2025-W38 — The Fasted Half Marathon That Almost Hit 1:30

…and the Suit That Didn’t Fit After

What happened this week

On September 21, I ran the Colmar Half Marathon with two goals:

  1. finish in under 1:30, and
  2. finish faster than my boss.

I achieved one of those goals. I missed the other by a small but meaningful margin. My time was 1:31:54—close enough to feel the edge of what’s possible, and far enough to know I’ll need a smarter push to break through.

I ran the race fasted, and I didn’t eat until 23 hours after finishing. By the time I had breakfast the next morning, the total fast was about 36 hours.

After the race, I took an electric rental car and drove to Lyon for business meetings, with mandatory charging stops along the way—one of those modern travel sequences that forces you to slow down whether you want to or not.

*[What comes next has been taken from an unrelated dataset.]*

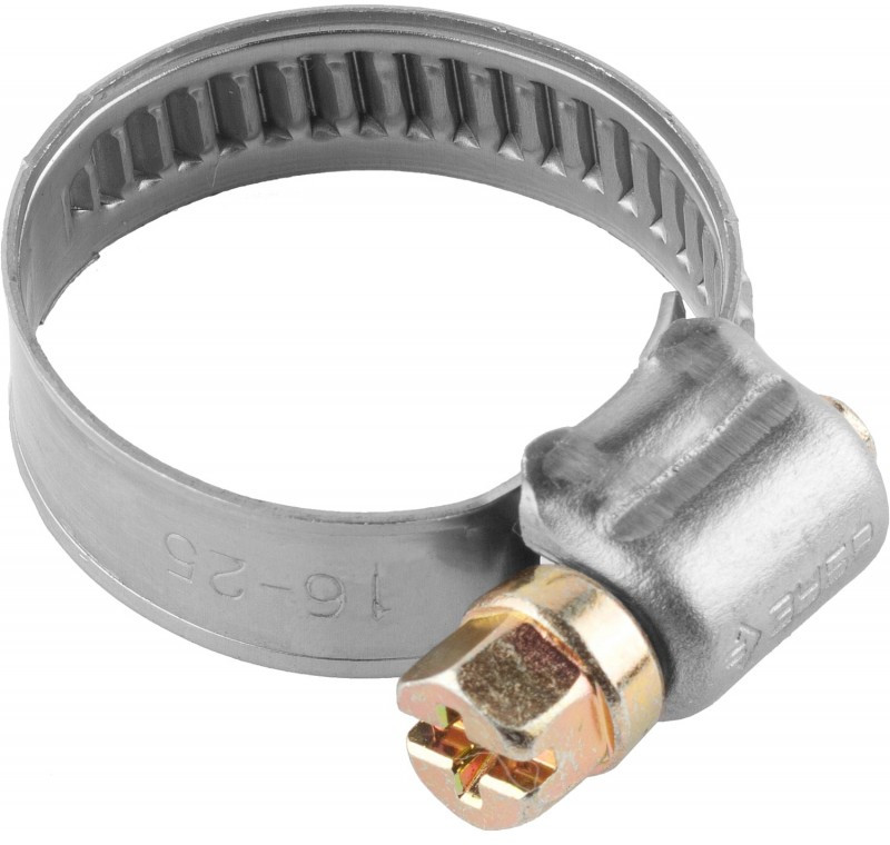 - Червячный хомут состоит из штампованной нержавеющей ленты и винта с червячной резьбой. Накатная лента имеет гладкую внутреннюю поверхность, которая предотвращает повреждения поверхности скрепляемых материалов. При вращении винта лента сжимается, благодаря чему создается надежное и герметичное соединение шлангов, различных труб, и т.д. Червячный винт снабжен шестигранной головкой под ключ 6 мм и шлицем SL, что позволяет использовать при монтаже гаечный ключ или шлицевую отвертку.

The travel + wellness thread

This race was a checkpoint in a longer experiment: can I train and perform consistently while traveling for work, without needing a complicated “perfect day” routine?

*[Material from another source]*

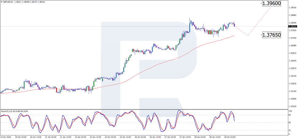 On the H1 chart, the correction from 1.3845 continues, with the next support target around 1.3765. A rebound from this level could drive prices higher, supporting further upward momentum. This is confirmed by the Stochastic oscillator, which shows a decline but remains below the 80.0 mark.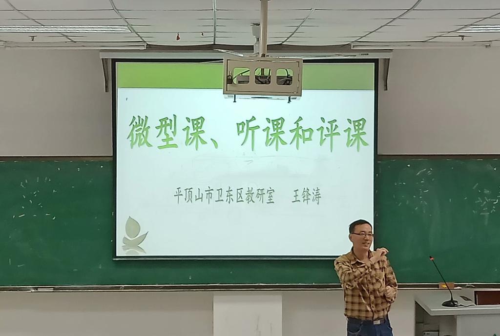 10月18日下午,beat365唯一官方网站在图书馆L401开展了以“微型课、听课和评课”为主题的小学教学讲座。该讲座由来自平顶山市卫东区教研室的一线教学名师王锋涛主讲,16级小学教育专业的学生参加。

Fasted running has become normal for me, not dramatic. The bigger challenge isn’t willpower—it’s building a system that holds up through hotels, airports, client dinners, and unpredictable schedules.

The half marathon was proof that the base is real. It also showed me what needs refinement if I want to level up—especially with my bigger target still ahead: a fasted marathon under 3:30.

The moment that surprised me

Somewhere during that France business trip, I had a very practical realization: my suit was suddenly way too large. Not “a little loose.” Too big in a way that makes you grateful you own a belt.

That was one of those signals you can’t argue with. Scales fluctuate. Photos lie. But a suit that used to fit well and now doesn’t? That’s a real-world data point.

What changed after the race

After Colmar, I reduced mileage and kept fasting, but I changed the timing of meals to avoid locking into a single rhythm. I also shifted more of my training toward bodyweight workouts and resistance training to support muscle retention and strength.

The goal wasn’t just to be lighter. The goal was to improve body composition—replacing fat with muscle—while keeping performance moving in the right direction.

What I learned

Missing 1:30 wasn’t failure. It was feedback.

This week gave me two kinds of proof:

  • performance proof (I can race fasted at a strong pace), and
  • lifestyle proof (something is changing enough that my clothes are noticing before my brain fully catches up).

It also reminded me that training isn’t just running volume. It’s structure. It’s recovery. It’s strength. And it’s being willing to adjust the plan instead of clinging to it.

Next week’s tiny focus

Keep the engine, build the frame: one short resistance session this week that you treat as non-negotiable—like brushing your teeth.